Convergence and effervescence
Among the personalities who converged on Hong Kong in the first decades of the 20th century and made it an intellectual hotbed, Liao Entao was the patriarch, already over 80 when he settled there in the middle of the century. Despite his age, this diplomat brought with him a breath of fresh air, as he had traveled extensively, and this was evident in his rather humorous poetry, which decidedly broke with classical codes. He did not have the opportunity to meet Xu Dishan (1893-1941), his younger brother by thirty years, who also spent his last years in Hong Kong before succumbing prematurely to a heart attack. A university professor, Buddhist, Sanskrit specialist, supporter of the Latin alphabet and involved in several publications, Xu Dishan's work was qualitative, sometimes historical, sometimes romantic, and mostly composed of short texts, although two of his novels were made into films: Il pleut dans la montagne and Chun Tao.
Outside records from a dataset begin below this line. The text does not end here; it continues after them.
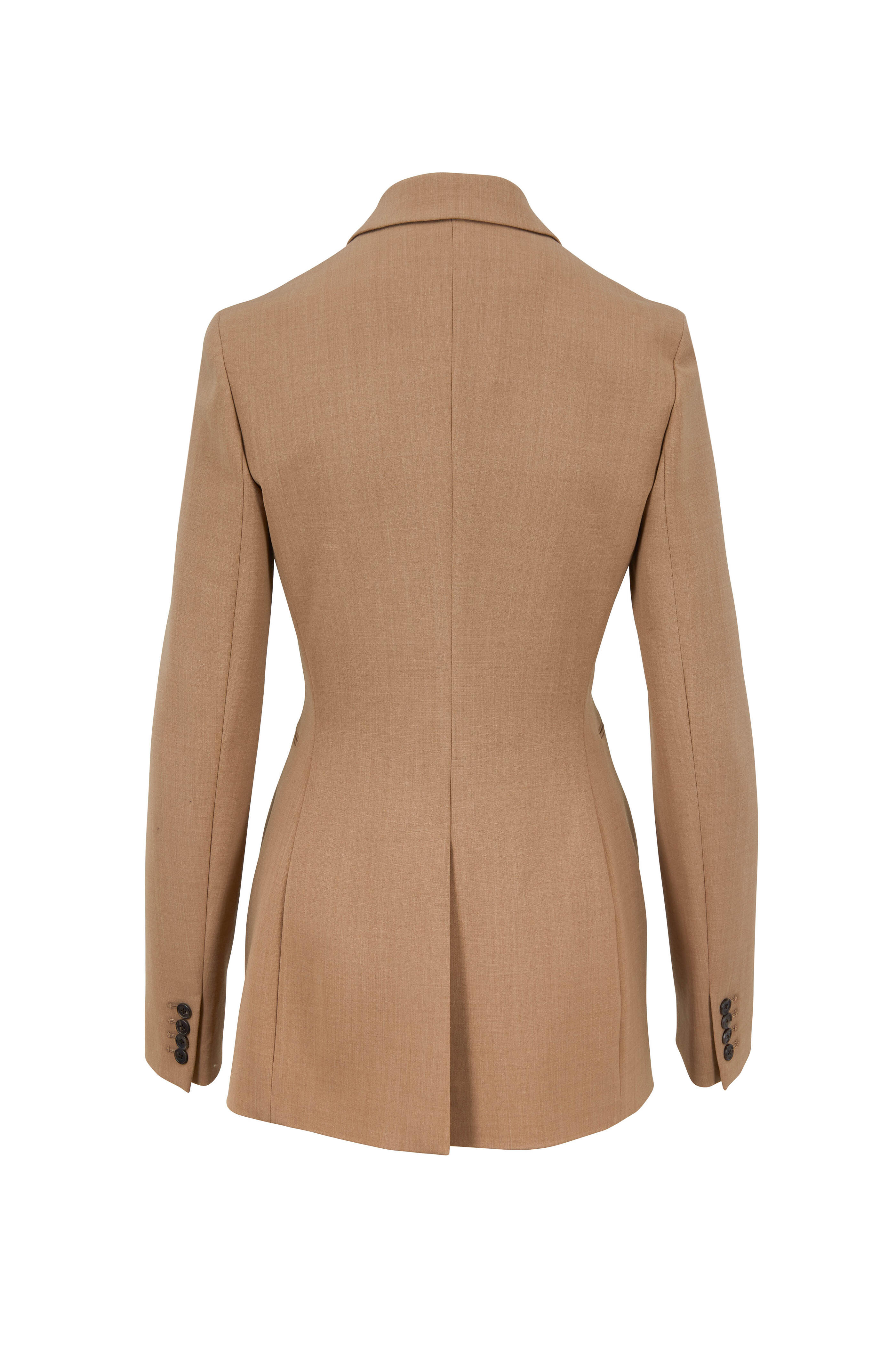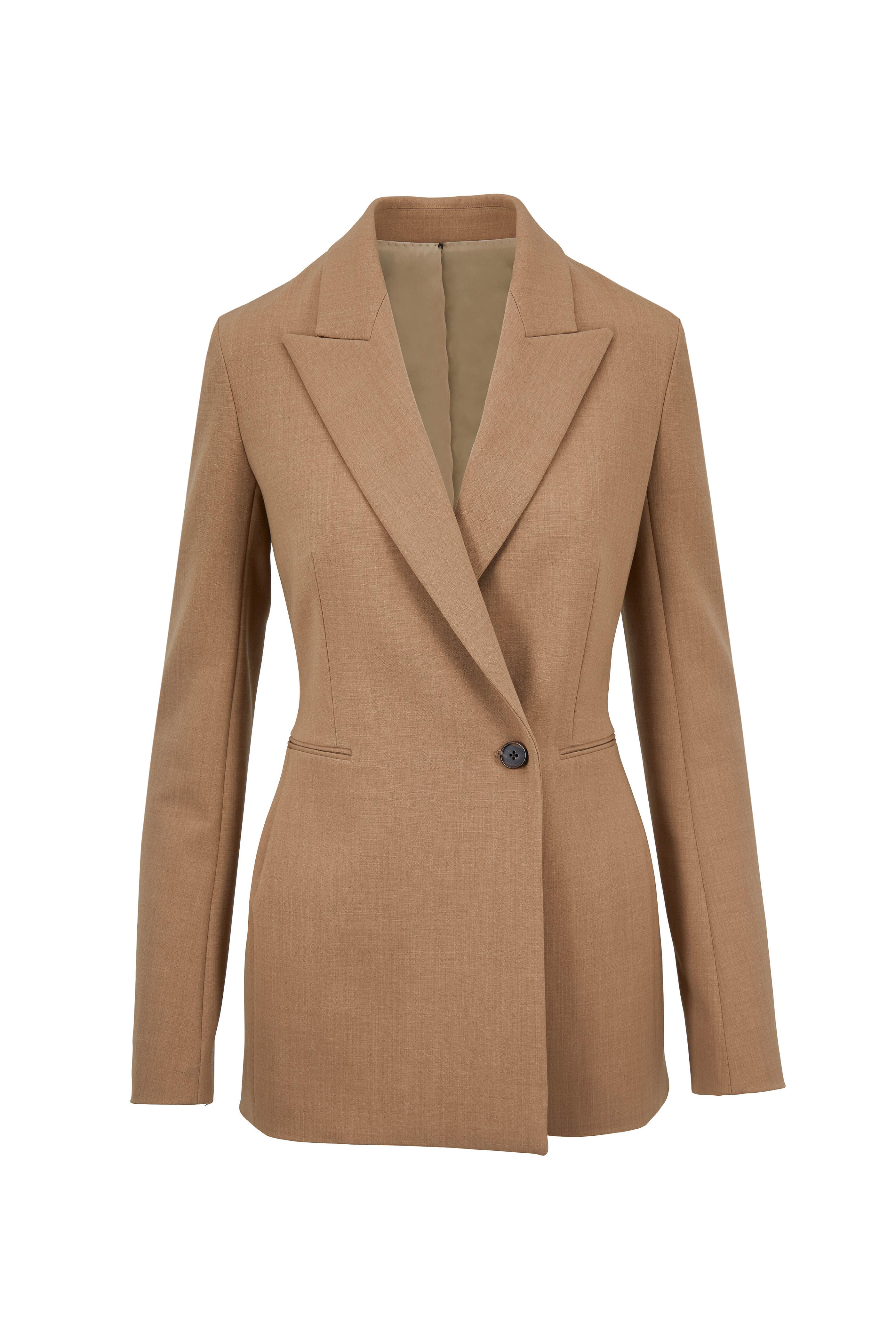 Peak lapels. Single button front closure. Lower front welt pockets. Back vent. Made in the USA. 100% wool; fully lined. Dry clean.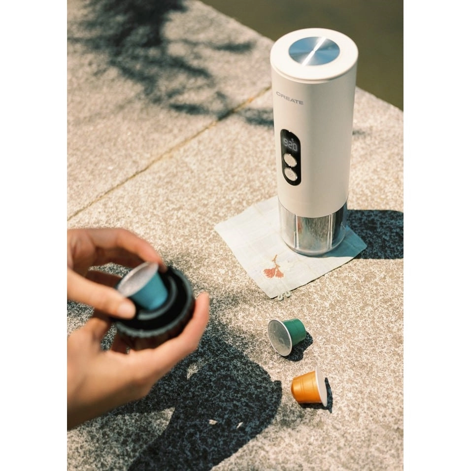 Espressorul portabil, de la brandul spaniol CREATE, este tot ce ai nevoie atunci cand pleci intr-o calatorie!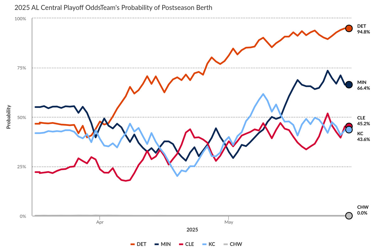 The Twins are not in first place in the AL Central standings, but they are now tied for 2nd place with Cleveland, six games behind Detroit as of this writing. That’s good enough for an American League wild card spot if the season were to end today and FanGraphs’ modeling shows the Twins have a roughly two-in-three chance to make the playoffs:
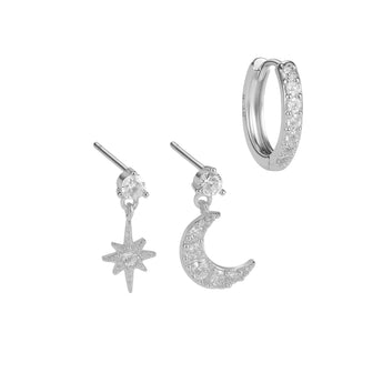 Adorn your ears with cosmic charm thanks to our Silver Moon & Star Studs & Hoops set. Featuring a delicate star stud, a dainty crescent moon stud, and a sleek polished hoop—all crafted from durable, waterproof, tarnish-resistant stainless steel—this trio offers effortless layering and celestial style. Perfect for everyday wear and built to maintain its radiant shine through showers, workouts, and salty air, these pieces add a touch of the night sky to any outfit with ease and grace.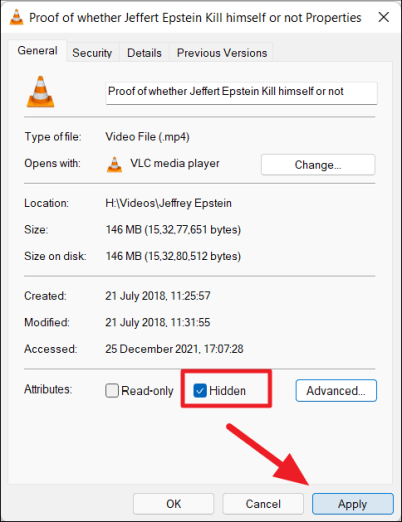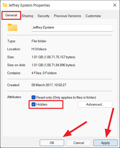 В диалоговом окне «Свойства» перейдите на вкладку «Общие» и установите флажок «Скрытый». Затем нажмите кнопку «Применить».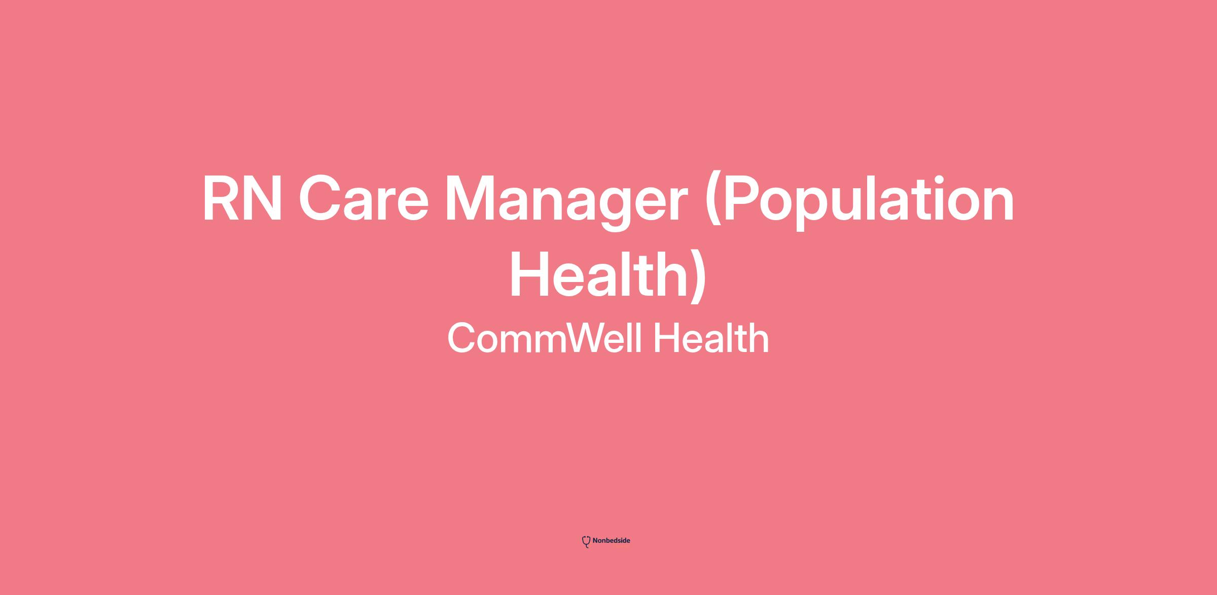 Join to apply for the RN Care Manager (Population Health) role at CommWell Health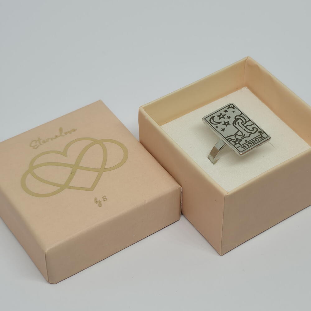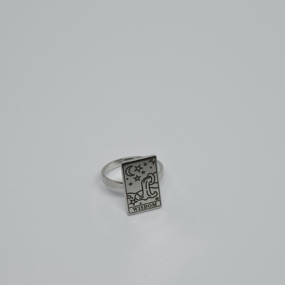 A symbolic tarot-inspired ring engraved with celestial elements and the word WISDOM. This piece represents intuition, clarity, and inner guidance — a reminder to trust your own path. The adjustable ring ensures a comfortable fit, making it perfect for everyday wear or meaningful gifting. Carefully packed in an elegant gift box, ready to be worn or gifted. ✨

Liu Yichang was born in Shanghai in the early 20th century, in 1918. Thirty years later, he moved to what was then British Hong Kong, planning to set up the publishing house he had just founded. However, the market proved less welcoming than expected, and he began working as a journalist, without giving up on his project, which he eventually brought to fruition after a few trips back and forth. In addition to his publishing career, he is also the author of L'Alcoolique, an ambitious work that draws on the stream-of-consciousness tradition. A world away from the popular literature he despaired of seeing gangrenous in his adopted city, his novel was nonetheless a great success and made him the leader of modernism in Hong Kong. Until his death in 2018, a few weeks shy of his hundredth birthday, he published some thirty titles, which only enhanced his reputation and won him numerous official awards.
In the early '50s, Ma Lang set up a daring magazine and made a name for himself with his poetry collections. Around the same time, two children arrived with their respective families. The first, Xi Xi, was born in Shanghai in 1937, and soon began publishing her poems in newspapers. She continued to write in all genres, from novels to short stories, from essays to chronicles, in an abundance that rhymed with the desire not to let a world that was already disappearing sink into oblivion. Nostalgia permeates one of her texts, now studied at school, a fine achievement for this former teacher. Her second child, Leug Ping-kwan, was only a few months old when she arrived, so it was here that he would grow up and return after his studies in the United States. An important figure in local literary life, he was an eclectic and enthusiastic academic, winner of the Hong Kong Medal of Honor, and one of the few writers translated into our language(Îles et continents, et autres nouvelles, Gallimard, 2001).
Modern literature
Unlike her predecessors, Xiaosi (Lu Wei-Iuan) was born in Hong Kong in 1939. She too traveled, notably to Japan, where she took on the role of literary researcher. In addition to this important academic role, she published some twenty works in which she enjoyed elaborating animal metaphors. As most of the new generation of writers were also born in Hong Kong, it's no exaggeration to speak of a genuine Hong Kong literature. Wong Bik-wan, for example, has regularly been praised for her realistic, not to say subversive, writings, while Dung Kai-cheung, another key figure, has sometimes been a visionary. Albert Tam and Dorothy Tse excel in the fantasy genre, and their youngest daughter, Hon Lai-chu, born in 1978, is often compared to Franz Kafka! Some are beginning to turn away from their mother tongue and write in English, using the Internet as an alternative to other distribution channels. Access to texts in French translation, however, remains tricky.